50% acc is not that bad, given there are 10 classes

Using FastAI toolkit

As before, we can take everything we did above and condense it using FastAI's toolkit. Additionally, I will add non-linearity this time to see how much of a performance boost it gives.

dls = DataLoaders(dl_train, dl_test)

simple_net = nn.Sequential(
    nn.Linear(28*28,30), #30 neurons
    nn.ReLU(),
    nn.Linear(30, 10) # 30neurons into 10 output neurons (10 classes)
)
learn = Learner(dls, simple_net, opt_func=SGD,
                loss_func=F.cross_entropy, metrics=accuracy)

learn.fit(20, .01)
epoch train_loss valid_loss accuracy time
0 1.524066 2.803759 0.100900 00:01
1 0.953391 2.718991 0.102200 00:01
2 0.708434 2.372834 0.182800 00:01
3 0.585201 2.130398 0.294700 00:01
4 0.512490 1.966653 0.355500 00:01
5 0.463571 1.847218 0.389500 00:01
6 0.428147 1.752266 0.416000 00:01
7 0.401295 1.671586 0.435400 00:01
8 0.380187 1.600696 0.452600 00:01
9 0.363209 1.537549 0.467200 00:01
10 0.349405 1.479971 0.482300 00:01
11 0.338045 1.427443 0.496500 00:01
12 0.328442 1.379472 0.509500 00:01
13 0.320192 1.335956 0.522400 00:01
14 0.313182 1.295694 0.534100 00:01
15 0.307200 1.257923 0.546100 00:01
16 0.302036 1.222951 0.556100 00:01
17 0.297584 1.189870 0.567500 00:01
18 0.293659 1.158959 0.576600 00:01
19 0.290083 1.129629 0.586000 00:01

So it seems that adding nonlinearity increased the accuracy by 10!

Now lets try refining the learning rate

learn = Learner(dls, simple_net, opt_func=SGD,
                loss_func=F.cross_entropy, metrics=accuracy)

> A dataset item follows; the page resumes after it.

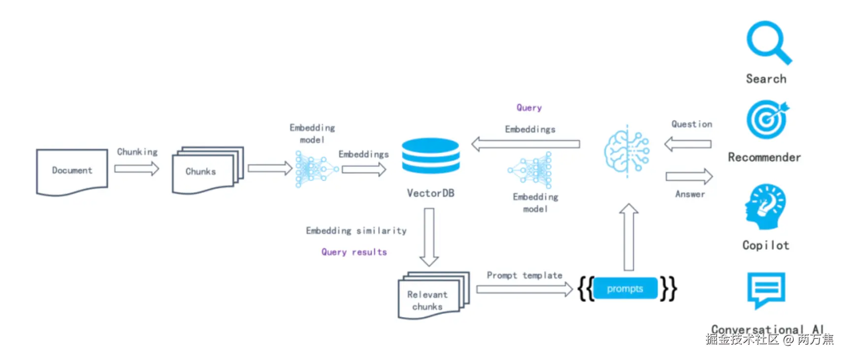 - 第一阶段:使用最简单的向量召回方式,找到在语义向量维度最近似的答案进行召回,只需要找到合适的 embedding 模型和向量数据库即可

learn.fine_tune(2, base_lr=0.1)
epoch train_loss valid_loss accuracy time
0 0.428609 6.502268 0.100900 00:01
epoch train_loss valid_loss accuracy time
0 0.311028 4.431973 0.100900 00:01
1 1.791578 1.622997 0.327900 00:01
lr_min, lr_steep = learn.lr_find() #Finding best
print(f"Minimum/10: {lr_min:.2e}, steepest point: {lr_steep:.2e}")
Minimum/10: 3.31e-01, steepest point: 3.31e-02
learn.fine_tune(20, base_lr=3e-2) #Now lets train on the steepest
epoch train_loss valid_loss accuracy time
0 0.302600 3.178728 0.153700 00:02
epoch train_loss valid_loss accuracy time
0 0.833551 1.429206 0.407900 00:01
1 0.618095 1.583635 0.398200 00:01
2 0.459298 1.740223 0.393500 00:01
3 0.361341 1.833040 0.392500 00:01
4 0.308362 1.860949 0.398500 00:01
5 0.284963 1.830225 0.410000 00:01
6 0.278647 1.763200 0.424700 00:01
7 0.277990 1.687577 0.440100 00:01
8 0.282089 1.601443 0.458500 00:01
9 0.291083 1.502006 0.477600 00:01
10 0.305329 1.387264 0.501700 00:01
11 0.325475 1.255826 0.530700 00:01
12 0.352534 1.109034 0.572600 00:01
13 0.388066 0.950091 0.625700 00:01
14 0.433138 0.787106 0.689900 00:01
15 0.487192 0.635287 0.761700 00:01
16 0.542165 0.518766 0.828100 00:01
17 0.574565 0.459373 0.863400 00:01
18 0.569960 0.444706 0.870800 00:01
19 0.554268 0.443647 0.871400 00:02

Adjusting the LR improved acc by 25!